#### [EXERCISE]
Repeat the data exactly, please; no pictures belong in the copy.

#### [DATA SEGMENT]
>>>>
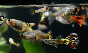 El guppy es un pez ovovivíparo de agua dulce procedente de Sudamérica que habita en zonas de corriente baja de ríos, lagos y charcas. Los guppys son peces de agua caliente y se recomienda criarlos en temperaturas entre los 22 °C y 28 °C. Los machos son más pequeños que las hembras y tienen modificada su aleta anal para usarla como un aparato reproductor alargado llamado gonopodio.
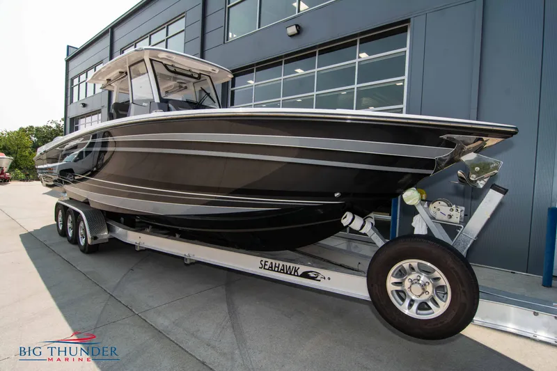 2022 Fountain 32NX, 2022 Fountain 32 NX Triple Custom paint matched Mercury 300R Verado's w/ DTS controls. 280 K-Planes. Bow thruster. Engine flushing system. Custom paint & graphics. Premium NX Sport upholstery upgrade. Lumitec Sea Blaze 2 RGB underwater lights. Bow seating w/ upholstered seat backs & bottom w/ storage. Folding transom bench seat. Cockpit side dive door w/ ladder. Electric SureShade. Screened portlight. Triple Garmin 8612 multi-function displays. Airmar B60 transducer. Premium JL Audio w/ Fusion RA770 touch screen entertainment center w/ built in WiFi, (6) 7.7 Spkrs. w/ custom painted grills, (2) 10" subs w/ custom painted grills, (1) 1500W 6 Ch amp & (1) 2250W mono block amp. XM Radio ready option. Wireless phone charging pad. Stainless steel steering wheel w/ "speed knob". Windshield wiper. Enclosed head w/ marine toilet, overboard discharge, fresh water glush & holding tank, fresh water sink. Fresh & raw water wash downs. Transom shower. Anchor windlass w/ thru hull striker plate, polished stainless steel plow, 15' of 5/16" galvanized chain & 150' of 5/8" 8-strand braided rope. Battery charging system. Trailer not included, new trailer quotes available separate. Financing and nationwide delivery also available, all 2010 and newer model year trades considered. Call for more info and demo scheduling.
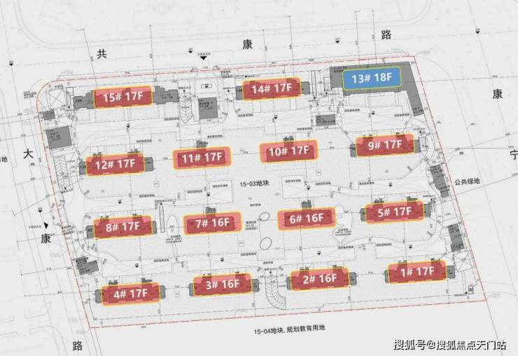 整个社区由 4栋16层、10栋17层小高层 组成;约 2.2的容积率, 低于市面上常规的2.5容积率的小区。栋距更宽阔,视野无遮挡。
<<<<
#### [SOLUTION TO THIS PROBLEM]
 El guppy es un pez ovovivíparo de agua dulce procedente de Sudamérica que habita en zonas de corriente baja de ríos, lagos y charcas. Los guppys son peces de agua caliente y se recomienda criarlos en temperaturas entre los 22 °C y 28 °C. Los machos son más pequeños que las hembras y tienen modificada su aleta anal para usarla como un aparato reproductor alargado llamado gonopodio.
 2022 Fountain 32NX, 2022 Fountain 32 NX Triple Custom paint matched Mercury 300R Verado's w/ DTS controls. 280 K-Planes. Bow thruster. Engine flushing system. Custom paint & graphics. Premium NX Sport upholstery upgrade. Lumitec Sea Blaze 2 RGB underwater lights. Bow seating w/ upholstered seat backs & bottom w/ storage. Folding transom bench seat. Cockpit side dive door w/ ladder. Electric SureShade. Screened portlight. Triple Garmin 8612 multi-function displays. Airmar B60 transducer. Premium JL Audio w/ Fusion RA770 touch screen entertainment center w/ built in WiFi, (6) 7.7 Spkrs. w/ custom painted grills, (2) 10" subs w/ custom painted grills, (1) 1500W 6 Ch amp & (1) 2250W mono block amp. XM Radio ready option. Wireless phone charging pad. Stainless steel steering wheel w/ "speed knob". Windshield wiper. Enclosed head w/ marine toilet, overboard discharge, fresh water glush & holding tank, fresh water sink. Fresh & raw water wash downs. Transom shower. Anchor windlass w/ thru hull striker plate, polished stainless steel plow, 15' of 5/16" galvanized chain & 150' of 5/8" 8-strand braided rope. Battery charging system. Trailer not included, new trailer quotes available separate. Financing and nationwide delivery also available, all 2010 and newer model year trades considered. Call for more info and demo scheduling.
 整个社区由 4栋16层、10栋17层小高层 组成;约 2.2的容积率, 低于市面上常规的2.5容积率的小区。栋距更宽阔,视野无遮挡。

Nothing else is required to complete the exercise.